* _Activity_: Among the entries below, retype exactly the lines starting with the one with "67%的人选了A,A是错的。" and going on through the one with "í hvíta kjólnum.", but not the pictures.

* _Data shown_:

··········

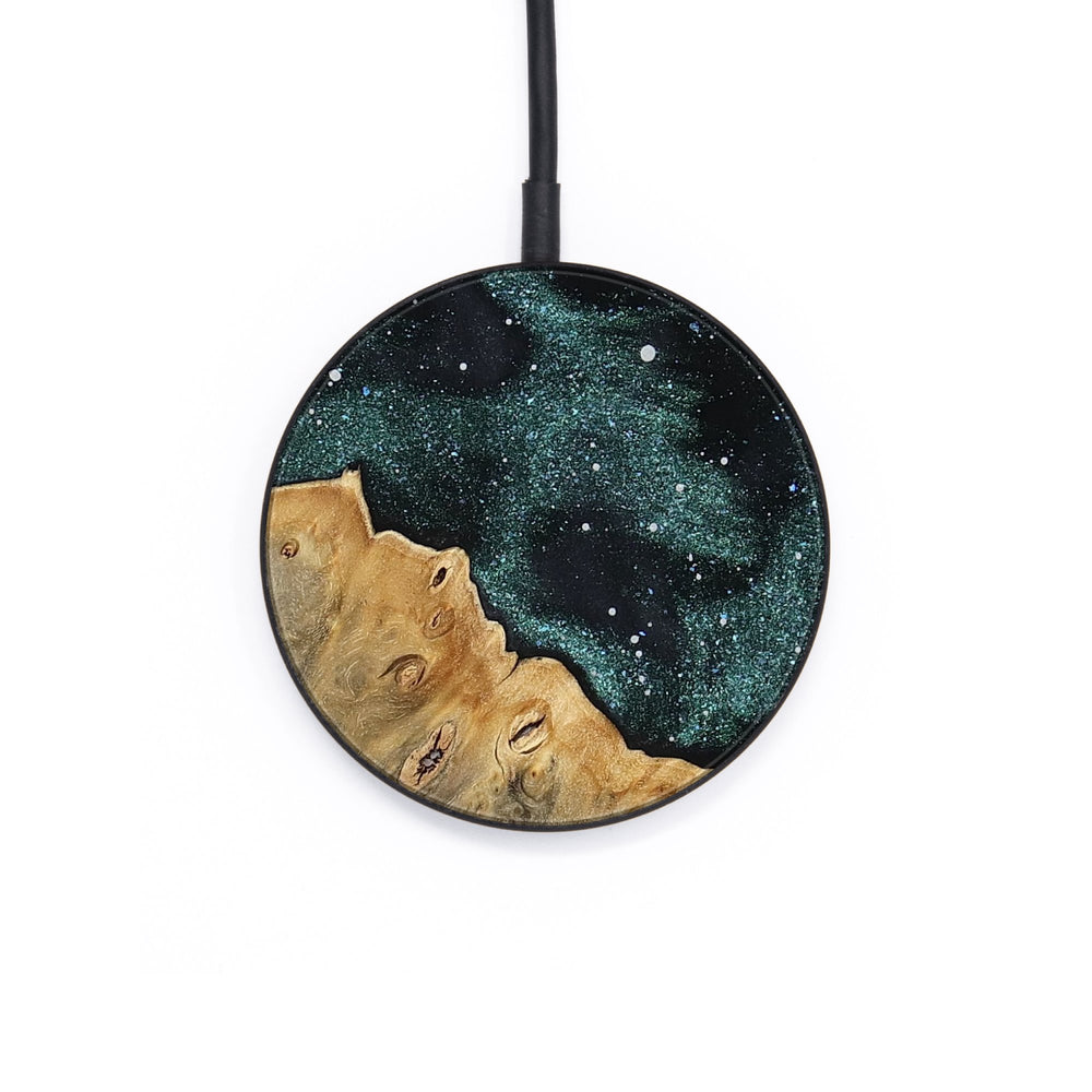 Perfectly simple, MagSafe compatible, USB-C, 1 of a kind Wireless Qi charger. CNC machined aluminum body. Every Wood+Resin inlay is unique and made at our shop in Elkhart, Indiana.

··········

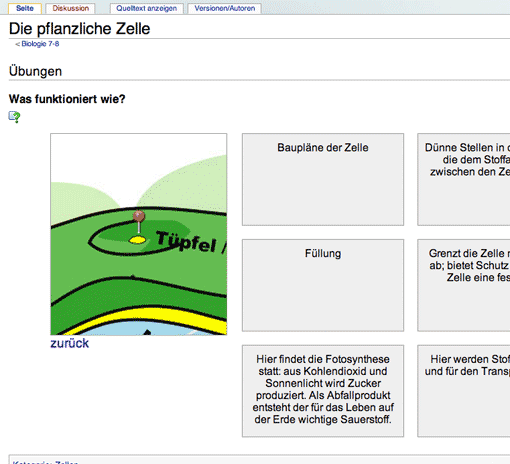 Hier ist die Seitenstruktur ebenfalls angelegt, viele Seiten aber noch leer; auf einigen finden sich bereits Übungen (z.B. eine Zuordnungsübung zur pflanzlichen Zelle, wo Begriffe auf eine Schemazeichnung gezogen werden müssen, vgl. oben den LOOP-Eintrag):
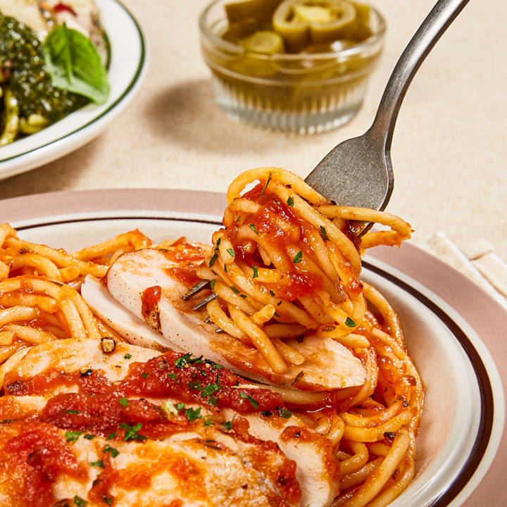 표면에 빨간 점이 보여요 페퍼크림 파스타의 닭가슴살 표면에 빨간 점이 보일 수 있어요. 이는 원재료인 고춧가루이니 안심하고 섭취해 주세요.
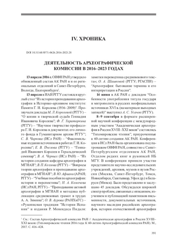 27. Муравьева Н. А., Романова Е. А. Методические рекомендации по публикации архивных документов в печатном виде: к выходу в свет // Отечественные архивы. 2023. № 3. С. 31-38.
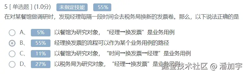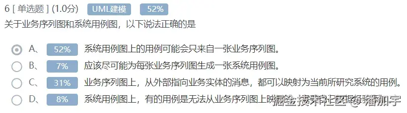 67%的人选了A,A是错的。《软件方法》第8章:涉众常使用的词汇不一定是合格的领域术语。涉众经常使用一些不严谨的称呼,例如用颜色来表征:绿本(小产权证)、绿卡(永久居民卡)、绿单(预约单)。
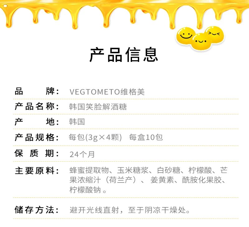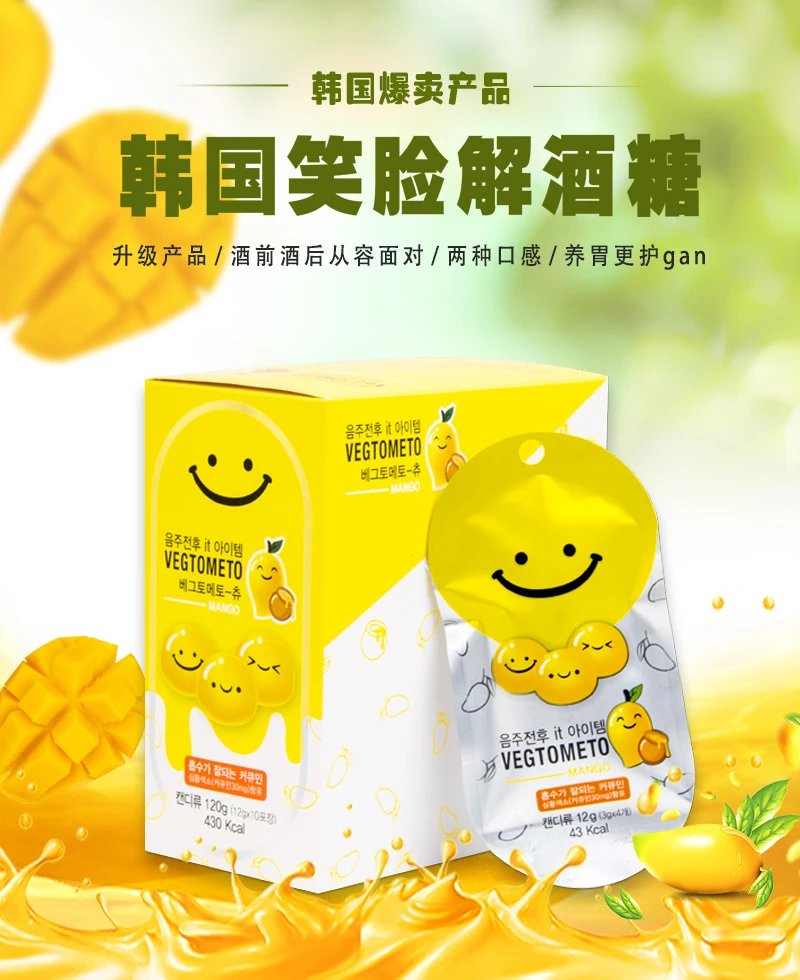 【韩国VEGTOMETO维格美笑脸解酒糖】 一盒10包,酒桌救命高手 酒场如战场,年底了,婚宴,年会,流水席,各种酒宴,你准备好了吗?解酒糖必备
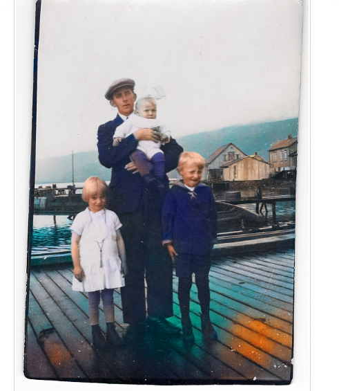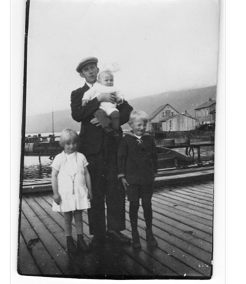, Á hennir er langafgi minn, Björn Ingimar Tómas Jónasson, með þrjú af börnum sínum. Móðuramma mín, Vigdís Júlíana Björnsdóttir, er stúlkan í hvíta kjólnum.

··········

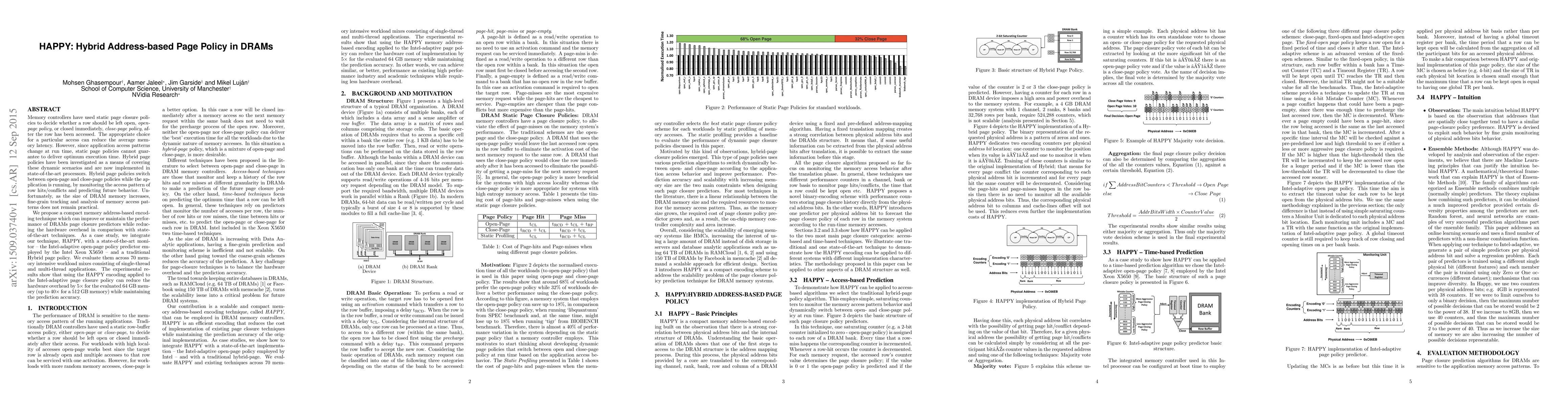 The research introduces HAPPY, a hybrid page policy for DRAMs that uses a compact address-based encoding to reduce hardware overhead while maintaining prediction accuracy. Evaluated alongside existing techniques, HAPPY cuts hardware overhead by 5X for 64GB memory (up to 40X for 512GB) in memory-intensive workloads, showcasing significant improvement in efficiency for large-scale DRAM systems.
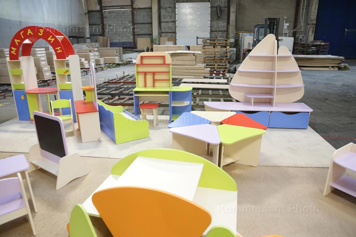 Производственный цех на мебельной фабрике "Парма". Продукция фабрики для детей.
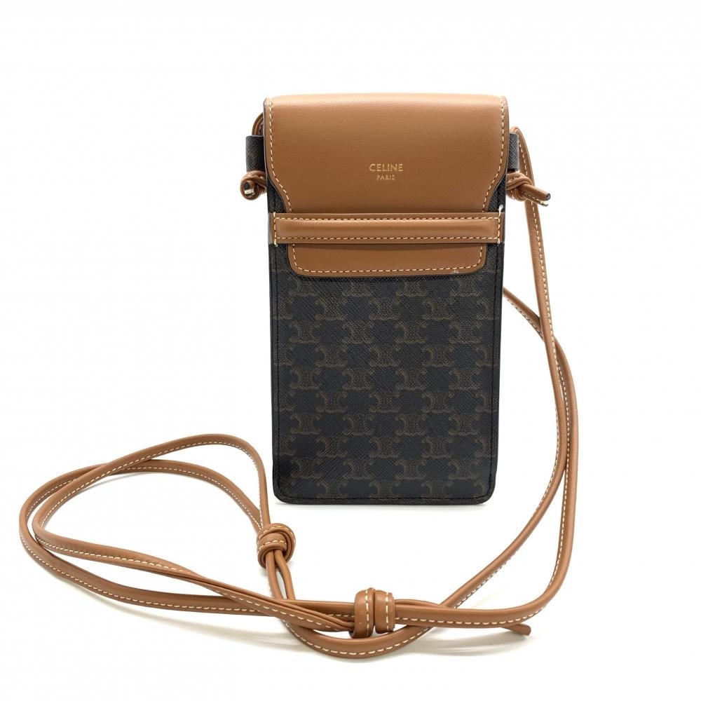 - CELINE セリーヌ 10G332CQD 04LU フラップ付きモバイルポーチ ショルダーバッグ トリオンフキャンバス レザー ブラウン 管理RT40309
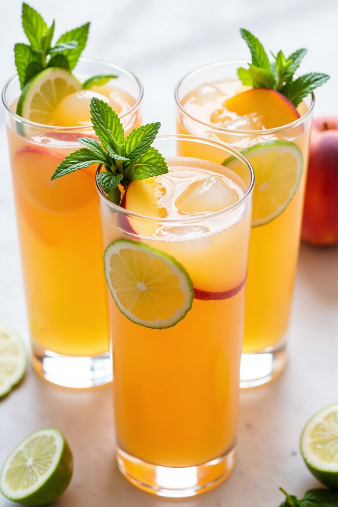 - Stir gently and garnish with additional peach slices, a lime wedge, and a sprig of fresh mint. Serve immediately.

··········

* _Exercise solution_:
 67%的人选了A,A是错的。《软件方法》第8章:涉众常使用的词汇不一定是合格的领域术语。涉众经常使用一些不严谨的称呼,例如用颜色来表征:绿本(小产权证)、绿卡(永久居民卡)、绿单(预约单)。
 【韩国VEGTOMETO维格美笑脸解酒糖】 一盒10包,酒桌救命高手 酒场如战场,年底了,婚宴,年会,流水席,各种酒宴,你准备好了吗?解酒糖必备
, Á hennir er langafgi minn, Björn Ingimar Tómas Jónasson, með þrjú af börnum sínum. Móðuramma mín, Vigdís Júlíana Björnsdóttir, er stúlkan í hvíta kjólnum.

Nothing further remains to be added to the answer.